Наконец дверь отворилась, изнутри показалась твоя мать с видом, как говорится, «выставленной». Но она всегда принимала твою сторону в противопоставление моей, а потому сказала только, что я — обычный фискал. Но, ответил я, как быть с теми, кто вот даже сейчас сидят в постели? смеются и перешучиваются? Даже не пытайся учить бабушку твою жевать уголь, был ответ. По оному я низвергся, если ты мне поверишь, в меланхолию. Неужели не можем мы, кожа к коже, ты и я, карабкаться и льнуть друг к другу все оставшиеся нам дни? Коих осталось, в конце концов, не так уж много? Без всякого вмешательства таких, как этот Джек? И, вне всякого сомнения, иных, что еще будут?

Завершив сие объявление и поместив «Звездно-полосатый стяг» на диск проигрывателя, а чашку супа — на плитку, Блумсбери отметил, что девушка в приемной производит руками движения, бременем коих являлось то, что она желала с ним побеседовать.

— А после мистера Вейдта моя любимая звезда — Кармен Ламброза, — сказала она. — Больше того, мне говорили, что в некоторых аспектах я на нее похожа.

— В каких? — с интересом спросил Блумсбери. — В каких аспектах?

— О Кармен Ламброзе говорили, что, проживи она лишь чуточку дольше и не умри от алкоголизма, стала бы самой кассовой кинозвездой в Британском Камеруне. Где таких, как она и я, ценят.

— Самой кассовой кинозвездой за какой год?

— Год не важен, — сказала она. — Важна оценка.

— Я бы сказал, что ты к ней благосклонна, — заметил Блумсбери, — обладай я каким-то знанием о ее причудах.

— Я произвожу на тебя впечатление?

— Каким образом?

— Как возможный партнер?
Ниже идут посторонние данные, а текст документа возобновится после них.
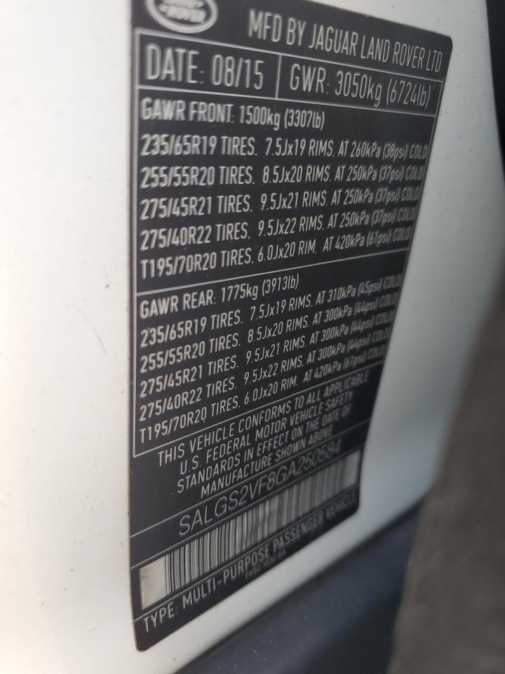 LAND ROVER RANGE ROVER 3.0 2016 г.в., 4x4 с задним приводом (SALGS2VF8GA250584) из США
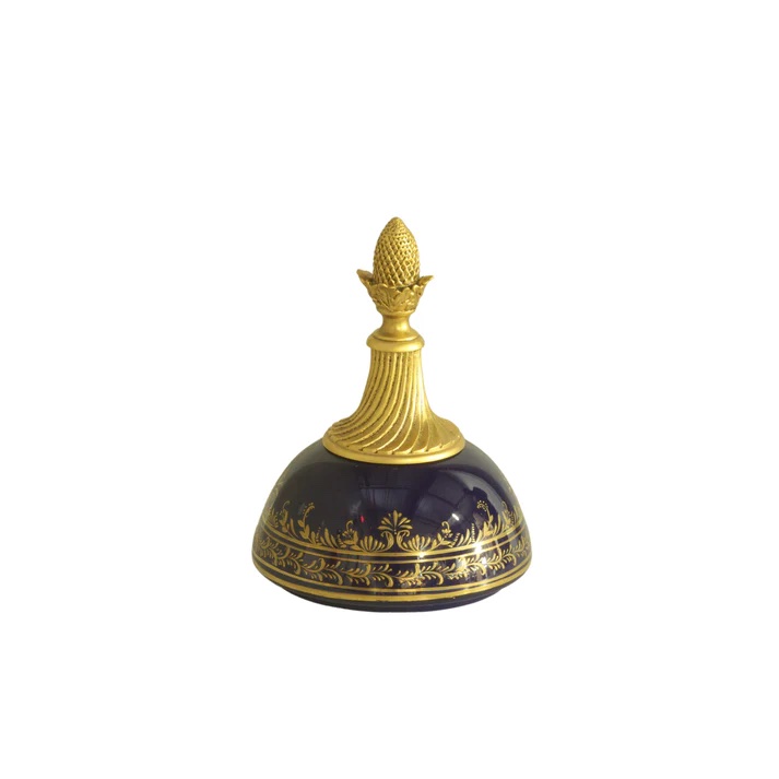 Introducing a captivating masterpiece – a porcelain jar drenched in a striking Blue shade, exuding radiance from every angle. Painstakingly hand-painted, this piece stands as a testament to the artistry and elegance of timeless design. From its ornate circular base that grounds its presence, to the graceful flair of its stem, every detail narrates a story of dedication and finesse.

В сексуальном смысле, то есть?

— Этого я не рассматривал, — ответил он, — до сих пор.

— Говорят, я сексуальна, — отметила она.

— Не сомневаюсь в этом, — сказал он. — То есть выглядит правдоподобно.

— Я твоя, — сказала она, — если ты меня хочешь.

— Да, — сказал он, — вот в чем вся сложность — захотеть.

— Ты должен только, — сказала она, — изобразить легчайший жест уступки — как, например, кивок, слово, кашель, крик, пинок, изгиб, хмычок, оскал.

— Вероятно, мне это не понравится, — сказал он, — сейчас.

— Мне снять одежду? — спросила она, проделывая соответствующие намерению телодвижения.

Одним-единственным шагом, как, он часто видел это практикуют в кино, Блумсбери оказался «подле нее».

— Марта, — сказал он, — старушка моя, ну почему ты никак не можешь похоронить прошлое? Тогда то были дни гнева, страсти и достоинства, но теперь, в свете нынешних стандартов, практик и отношений, с теми днями покончено.

При этих его словах она разрыдалась.

— Сначала ты вроде был заинтересован, — промолвила она (сквозь слезы).

— Ты очень добра, что попробовала, — сказал он. — Заботлива. Вообще-то и крайне привлекательна. Даже соблазнительна. Меня иногда это обманывало по несколько мгновений подряд. Ты хорошо выглядишь в штанишках борца с быками.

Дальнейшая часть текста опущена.